Nobody, directed by Ilya Naishuller, arrives in theaters on Friday, with a VOD release to follow in April. It comes across at first like yet another half-assed, unofficial remake of Death Wish. It also borrows more than a few elements from the Liam Neeson old-guy action canon, as well as Breaking Bad, the show in which its star played a supporting role.
It’s another movie in which a guy in late-middle age successfully kicks the asses of groups of hardened criminals who are decades younger, and manages to reclaim his masculinity while doing so. But once the first act is over, Nobody suddenly gets better. Nobody stars Bob Odenkirk—in his first-ever starring studio movie role at age 58—as Hutch Mansell, who appears at first glance a meek family man. One night, criminals break into his home and he does nothing to fight back, causing Hutch’s wife (Connie Nielsen) and kids to lose respect for him. But then it delivers a dynamite action sequence. And another, and another.
It starts when Odenkirk fights off a bunch of muggers on a public bus, in a much more effective homage to the Bernard Goetz incident than the one in Joker two years ago. This kicks off the main plot, as one of those criminals was the brother of an exceptionally crazy Russian mobster (an uproarious Aleksei Serebryakov, from the acclaimed 2014 Russian film Leviathan, which I likened at the time to “A Siberian A Serious Man.”)
The film has some of the best fight scenes in memory, expertly blocked and always clearly shot. There’s creative hand-to-hand combat in the fight scenes; David Leitch, the director of John Wick and Atomic Blonde, is listed as a producer. And the screenwriter is Derek Kolstad, who also wrote all three John Wick movies.
Naishuller, also Russian, is the director, best known previously for Hardcore Henry, that strange, much-maligned 2015 action movie that was filmed nearly entirely with GoPro cameras. The presentation here is much cleaner and more visually pleasing. Odenkirk, whose original background was in comedy, is a natural for this sort of role, mostly playing the straight man while doing a lot of incongruous violence. The film knows its premise is somewhat ridiculous, and uses that to its advantage. And beyond that, the film is consistently hilarious, using non-traditional music cues like Sammy Davis, Jr.’s “I Gotta Be Me,” and “The Impossible Dream,” with the “Man of La Mancha” song even sung by the Russian mobster bad guy.

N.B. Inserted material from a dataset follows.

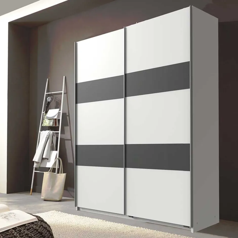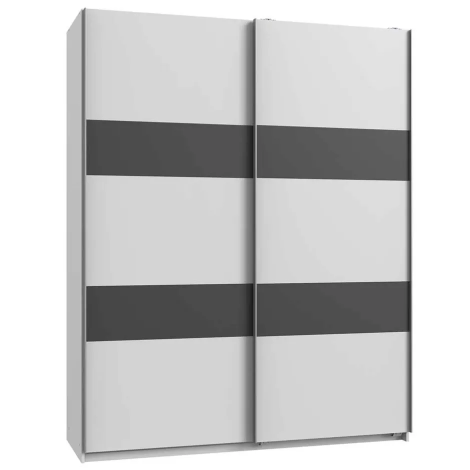 Mit dem Schwebetürenschrank „Malente“ holen Sie sich ein echtes Highlight in Ihr Schlafzimmer. Modernes Design und praktische Funktionen vereinen sich in diesem Möbelstück, das aus deutscher Produktion stammt – ein Garant für höchste Qualität und Langlebigkeit. Die klare Linienführung und die stilvolle Farbkombination aus Weiß und Dunkelgrau verleihen dem Schrank eine zeitlose Eleganz, die sich mühelos in jedes Raumkonzept einfügt.

There are obvious similarities to Breaking Bad, a show on which Odenkirk co-starred, and which spawned the spinoff Better Call Saul, in which he plays the lead. There’s an elderly man who figures prominently in the violence. Instead of the old guy with the bell, it’s the 82-year-old Christopher Lloyd, as Odenkirk’s dad, whose quiet supporting performance leads up to a glorious payoff.